The Servicemembers Civil Relief Act ("SCRA") prohibits nonjudicial foreclosure proceedings during, or one year after, a servicemember's military service. In Brewster v. Sun Trust Mortgage Inc., 742 F.3d 876 (9th Cir. 2014), the Ninth Circuit Court of Appeals held that this provision of the SCRA was violated when a lender abandoned foreclosure proceedings but sought to recover associated foreclosure fees from a servicemember.

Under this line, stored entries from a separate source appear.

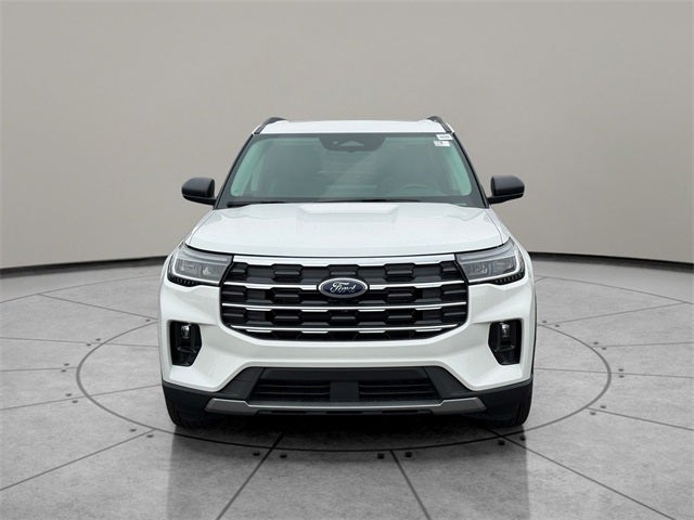Star White Metallic Tri-Coat 2026 Ford Explorer Active 4WD 10-Speed Automatic 2.3L EcoBoost I-4 4WD, 3rd row seats: bench, 4-Wheel Disc Brakes, 6 Speakers, ABS brakes, Air Conditioning, Alloy wheels, AM/FM radio: SiriusXM with 360L, AM/FM Stereo, Apple CarPlay/Android Auto, Auto High-beam Headlights, Automatic temperature control, Brake assist, Bumpers: body-color, Compass, Delay-off headlights, Driver door bin, Driver vanity mirror, Dual front impact airbags, Dual front side impact airbags, Electronic Stability Control, Emergency communication system: 911 Assist, Exterior Parking Camera Rear, Four wheel independent suspension, Front and Second Rows Floor Liners Without Floor Mats, Front anti-roll bar, Front Bucket Seats, Front Center Armrest, Front dual zone A/C, Front reading lights, Fully automatic headlights, Heated door mirrors, Illuminated entry, Knee airbag, Low tire pressure warning, Navigation System, Occupant sensing airbag, Outside temperature display, Overhead airbag, Overhead console, Panic alarm, Passenger door bin, Passenger vanity mirror, Power door mirrors, Power driver seat, Power steering, Power windows, Rear air conditioning, Rear anti-roll bar, Rear reading lights, Rear window defroster, Rear window wiper, Remote keyless entry, Security system, SiriusXM with 360L (3-Year Plan), Speed control, Speed-sensing steering, Speed-Sensitive Wipers, Split folding rear seat, Spoiler, Steering wheel mounted audio controls, Tachometer, Telescoping steering wheel, Tilt steering wheel, Traction control, Trip computer, Variably intermittent wipers, Wheels: 18 Sparkle Silver-Painted Aluminum, 4WD.
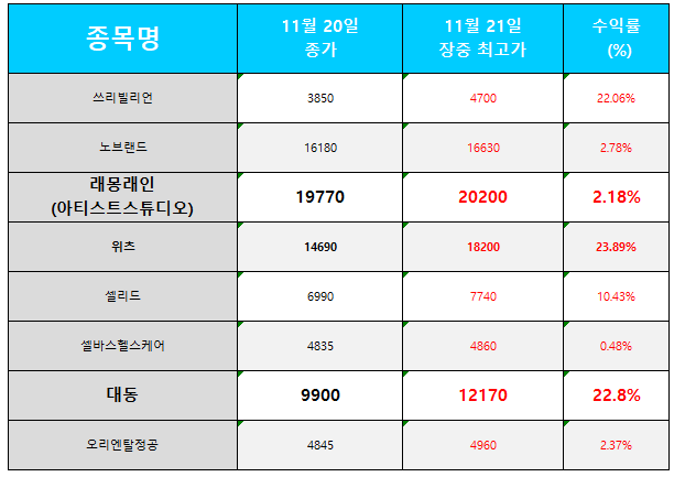 | 오늘의 관심 종목(2024.11.22) (0) | 2024.11.22 |
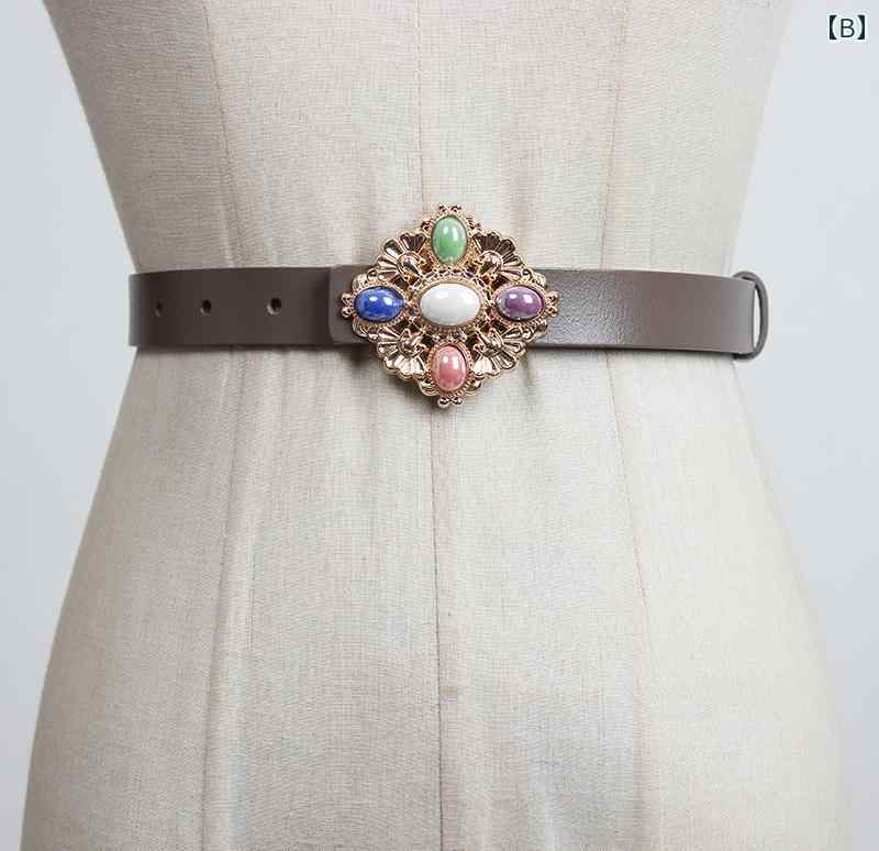 レディース レトロ カラフル 宝石 スムーズ バックル 牛革 装飾 ベルト スカート カーディガン ウエスト カジュアル ファッション
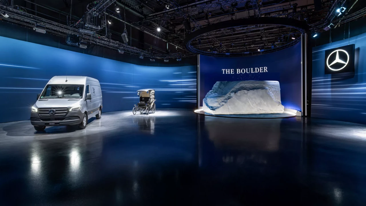 Скулптурата THE BOuLDER служи като първи поглед към бъдещия Sprinter, който ще комбинира по-изразителен стил с модулна VAN платформа, електрически и конвенционални задвижвания и усъвършенствана дигитална екосистема.
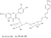 Les flavonoïdes sont représentés par une vingtaine d’hétérosides flavoniques, construits sur les trois génines suivantes : kaempférol, quercétol et isorhamnétol. Par exemple le quercétol est lié à un sucre pour former le quercétol-3-β-D-glucoside. D’une manière plus générale, les principaux hétérosides sont des o-glucorhamnosides en C-3 du quercétol et du kaempférol et leurs esters 4-coumariques en 6’’’[32].
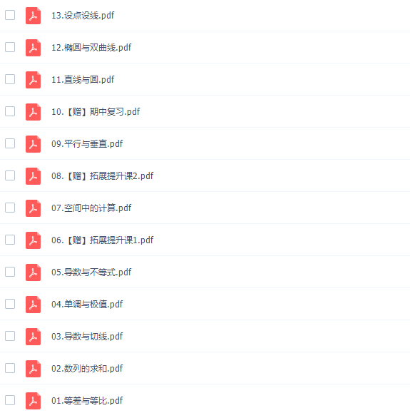 此课件来自作业帮网校,韩佳伟高三数学2021年秋季尖端班课程。此课件主要知识点包括:等差与等比、数列的求和、导数与切线、单调与极值、导数与不等式、空间中的计算、平行与垂直、直线与圆、椭圆与双曲线、设点设线、定点与定值问题、统计与统计案例。
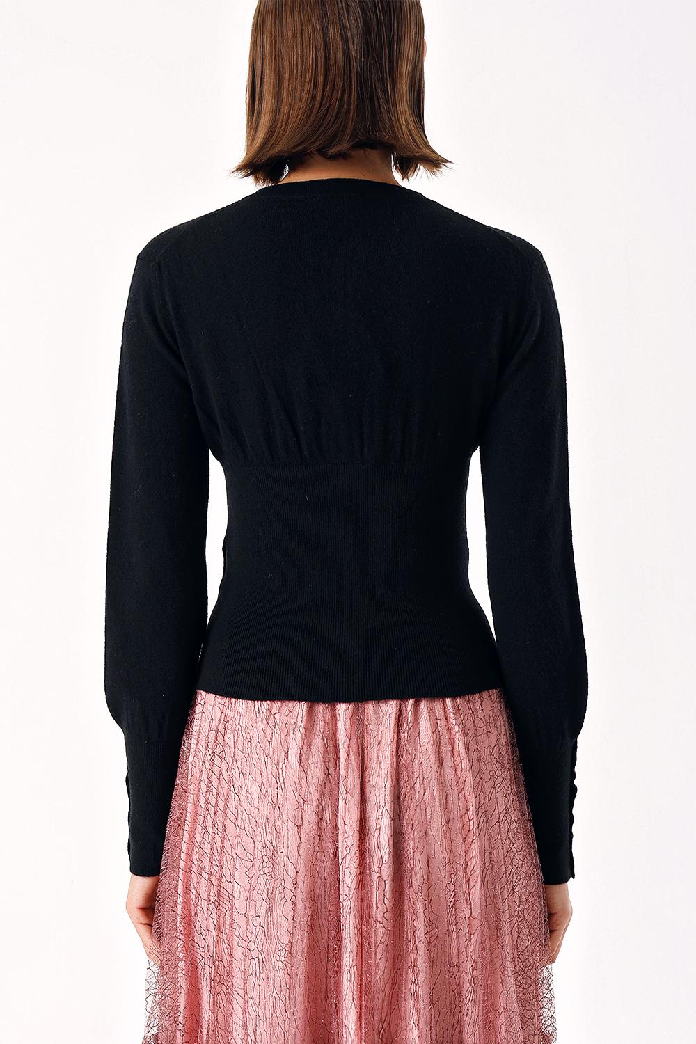 Siyah Beli oturan ribanalı kısa örme hırka 28840
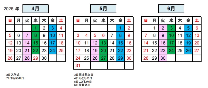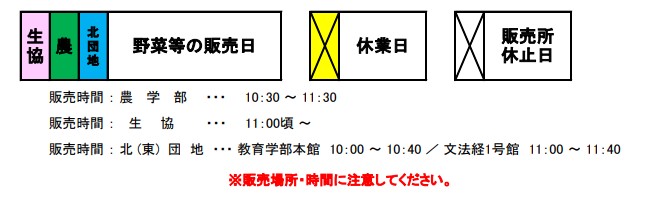※上記カレンダーの色塗り日(土日祝日および×印箇所を除く)は、出張販売(農学部1号館玄関、生協、北団地)実施日ですが、当日は、センター内の販売所でも農産物販売を行っております(営業時間 13:30-14:30)。
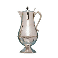 Brass Church Flagon With Nickel Plating Finishing Round Shape Elegant Design Cross On Lid Handmade For Serving Drinks
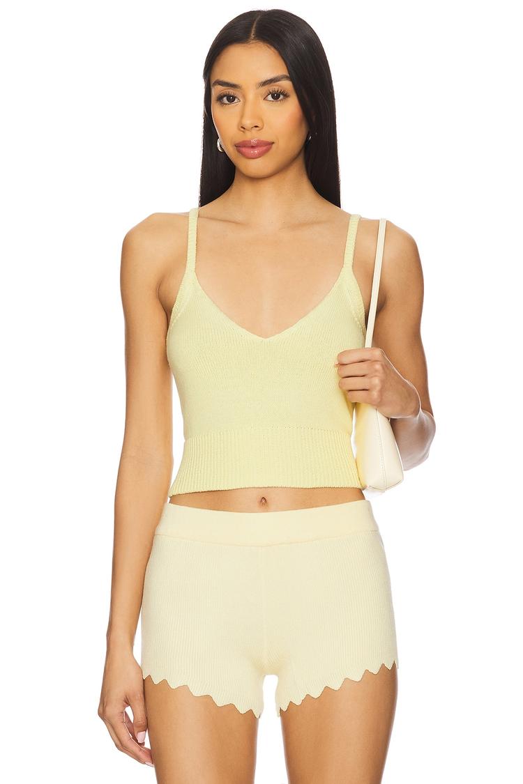 Soft cotton fabric and a fitted silhouette define this cropped tank top, featuring delicate spaghetti straps and a flattering U-neckline. Its midweight knit offers comfort and breathability, perfect for warmer seasons. The minimalist solid light yellow hue adds a fresh, casual chic vibe ideal for everyday wear, loungewear, or casual outings. Easy to pull on and style, this tank blends simplicity with subtle elegance, making it a versatile staple for spring and summer wardrobes.
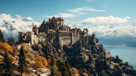 Ancient medieval castle proudly stands on a hill, Construction of a medieval fortified castle, Ai generated
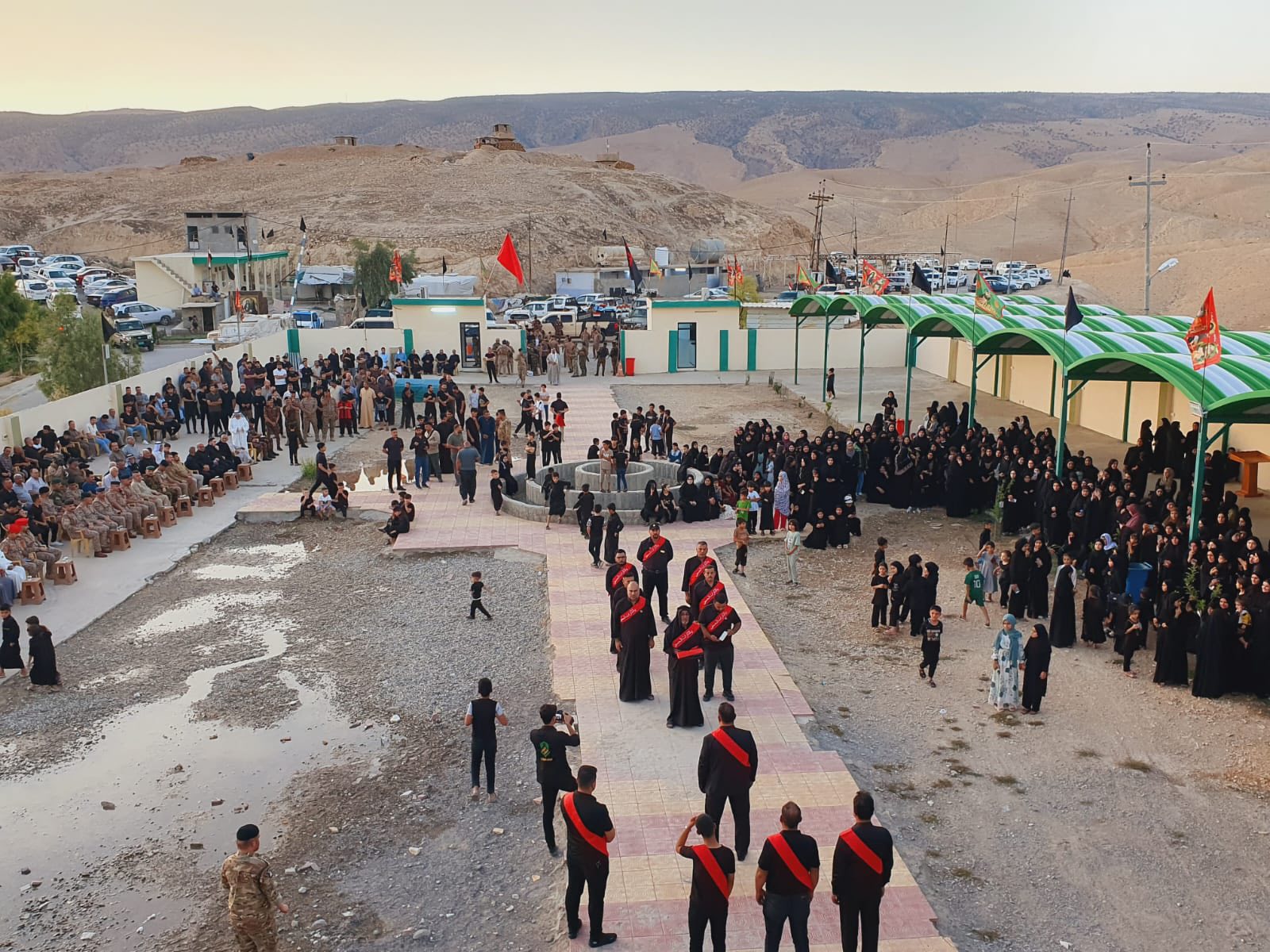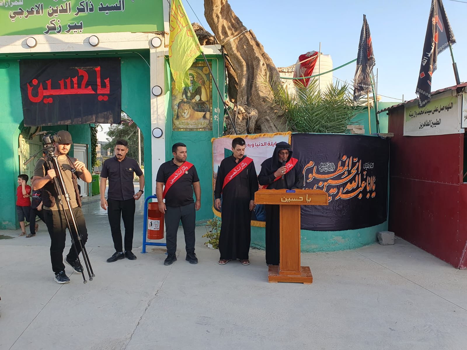 وأقيمت المراسم وسط أجواء من الحزن والخشوع حيثُ تمَّ رفع الرايات السوداء فوق القباب الشريفة بحضورِ جمع من رجال الدين والمؤمنين ووجهاء المدينة.

Christopher Brewster ("Brewster") is a Lieutenant in the United States Marine Corps Reserve. He was called up to active duty on three occasions between 2008 and 2011. During this time, Brewster failed to make the full payments owed on the mortgage on his home in California. Brewster had originally taken out the mortgage in 2007 with Sun Trust Mortgage, Inc. ("Sun Trust").
Pursuant to California law, Sun Trust began nonjudicial foreclosure proceedings in 2009 by filing a Notice of Default, which was accompanied by various fees. Sun Trust rescinded the Notice of Default in August 2010, but did not remove the fees. In November 2010, Sun Trust transferred the servicing rights on the mortgage to Nationstar Mortgage, LLC ("Nationstar"). Nationstar attempted to recover the fees during roughly five months of Brewster's active-duty service.
Brewster filed an SCRA action against Nationstar alleging that the SCRA was violated by Nationstar maintaining the foreclosure fees in Brewster's account. The district court granted Nationstar's motion to dismiss. Brewster appealed.
The Ninth Circuit reversed the district court's decision, holding that the scope of "foreclosure" under the SCRA includes the imposition of Notice of Default fees. To reach this decision, the Ninth Circuit analyzed the text of the SCRA, California's nonjudicial foreclosure process, and the Supreme Court's policy of broadly construing the SCRA.
The court relied on two textual arguments to show that "foreclosure" under the SCRA should be broadly interpreted to include foreclosure-related fees. First, the SCRA refers to the foreclosure "proceedings." This suggests a process rather than a single act. Second, the SCRA bars a "sale, foreclosure, or seizure of property," which suggests that "foreclosure" means more than just a sale or seizure.
The Ninth Circuit concluded: "Because the state-law statutory definition of foreclosure contemplates the inclusion of specified fees as part of the foreclosure proceeding, and because the United States Supreme Court has unambiguously required courts to give a broad construction to the statutory language of the SCRA to effectuate the Congressional purpose of granting active-duty members of the armed forces repose from some of the trials and tribulations of civilian life, we hold that the attempted collection fees related to a Notice of Default on a California property constitutes a violation of [the SCRA]."
What This Means To You
In this opinion, the Ninth Circuit clarified that fees associated with the foreclosure process may not be imposed on servicemembers protected by the SCRA. Loan servicers considering instituting foreclosure proceedings on houses owned by servicemembers should consult an attorney to ensure compliance with federal law.